Facção usava laranjas e dinheiro vivo para ocultar patrimônio em MT



Facção usava laranjas e dinheiro vivo para ocultar patrimônio

 

Uma investigação sobre a atuação de uma facção criminosa em Rondonópolis revelou uma estrutura montada, segundo a Polícia Civil, para transformar dinheiro de origem suspeita em patrimônio e dificultar o rastreamento dos recursos. Veículos de luxo registrados em nome de terceiros, imóvel atribuído a familiar, pagamentos em espécie e depósitos intermediados por outras pessoas estão entre os mecanismos identificados na Operação Arcana.

A ofensiva resultou ainda na apreensão de R$ 240 mil em dinheiro vivo. Desse total, R$ 150 mil foram encontrados quando o principal investigado realizava um saque e outros R$ 90 mil foram localizados durante buscas em uma residência.

O principal alvo é apontado pela Polícia Civil como integrante de uma facção criminosa e suspeito de tentar exercer influência e controle territorial no bairro Vila Canaã, em Rondonópolis. A investigação procura agora esclarecer a origem do patrimônio e identificar outras pessoas que eventualmente tenham participado da movimentação e ocultação dos recursos.

O que chamou a atenção dos investigadores foi a diferença entre a renda formal conhecida e o padrão de vida atribuído ao suspeito.

Conforme a apuração, ele não possui emprego ou empresa registrada, mas teria morado em condomínios de alto padrão e utilizado veículos de elevado valor que estavam formalmente em nome de outras pessoas.

CARROS EM NOME DE TERCEIROS

Entre os bens identificados estão uma Toyota Hilux avaliada em aproximadamente R$ 270 mil e uma Toyota SW4 Diamond estimada em R$ 475 mil.

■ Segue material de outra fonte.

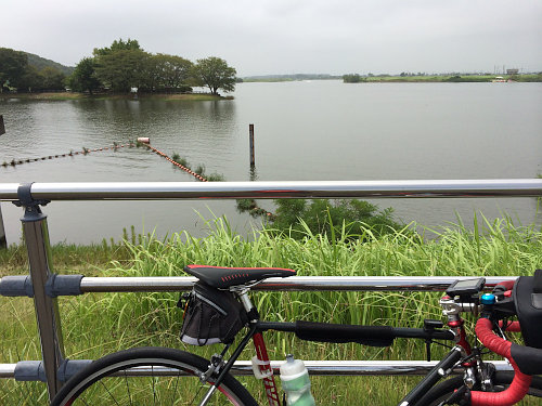今日の集合場所は水の館です。今日は手賀沼トライアスロンだったので対岸は通行止めです。

Somados, os dois veículos chegam a cerca de R$ 745 mil. Nenhum deles, porém, estaria registrado formalmente em nome do principal investigado.

A utilização de terceiros aparece em outros pontos da investigação.

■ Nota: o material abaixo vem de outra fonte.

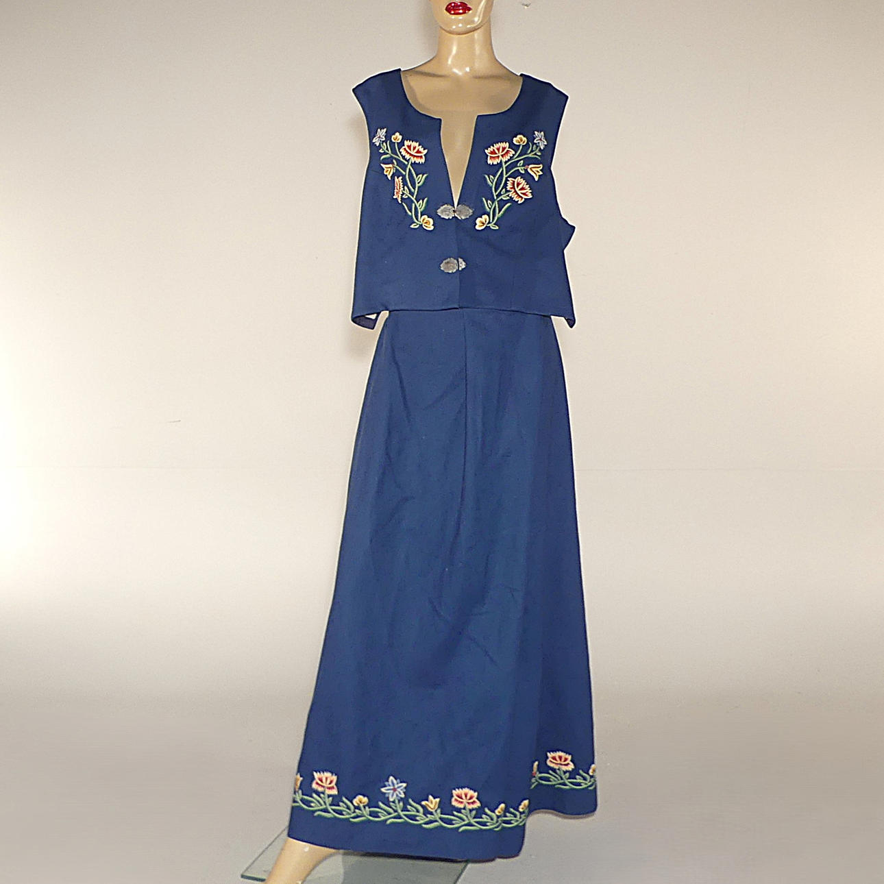 Längd från axel 145 cm, upplägg 4,5 cm. Midjemått ca 49 cm, omlott 15 cm. Mått tagna med plagget liggande plant.

Segundo a Polícia Civil, o suspeito utilizava frequentemente dinheiro em espécie para despesas e aquisição de bens. Em algumas situações, valores teriam sido entregues a outras pessoas, que posteriormente realizavam transferências por Pix.

A suspeita é de que esse procedimento dificultasse a identificação da verdadeira origem e do responsável pelos recursos movimentados.

A companheira do investigado também é alvo da operação. Conforme a investigação, ela teria auxiliado na movimentação de dinheiro utilizando contas bancárias.

IMÓVEL E COMPARTIMENTO OCULTO

A apuração alcançou ainda o patrimônio imobiliário. Um imóvel localizado em Rondonópolis aparece formalmente registrado em nome de uma familiar, mas, segundo os investigadores, seria utilizado e administrado pelo principal alvo da operação.

Outro elemento chamou a atenção da Polícia Civil durante o levantamento da movimentação patrimonial.

Os investigadores identificaram pagamentos em dinheiro para a aquisição de móveis planejados e uma solicitação para que fosse instalado um compartimento oculto em um móvel da residência. A suspeita é de que o espaço pudesse ser utilizado para esconder valores.

A existência do compartimento aparece na investigação como mais um elemento da suposta estratégia de utilização intensiva de dinheiro vivo.

POLÍCIA SEGUE O DINHEIRO

A Operação Arcana é resultado de investigações da Gerência de Combate ao Crime Organizado e da Delegacia Especializada de Repressão ao Crime Organizado (GCCO/Draco).

Além da apreensão dos valores, as equipes procuram celulares, contratos, comprovantes de pagamentos, documentos e registros financeiros. A análise desse material deverá ser utilizada para reconstruir a origem e o destino do dinheiro e verificar se outras pessoas participaram do esquema.

O próprio nome da operação faz referência à estratégia investigada. “Arcana” remete a algo secreto ou oculto e foi escolhido, segundo a Polícia Civil, em razão da forma como o suspeito supostamente movimentava recursos, privilegiando operações em espécie para dificultar o rastreamento.

A investigação ainda deverá estabelecer quanto efetivamente foi movimentado pela estrutura e qual parcela do patrimônio identificado tem origem criminosa. Os elementos divulgados até agora apontam o método investigado, mas não informam o valor total que teria sido lavado pelo grupo.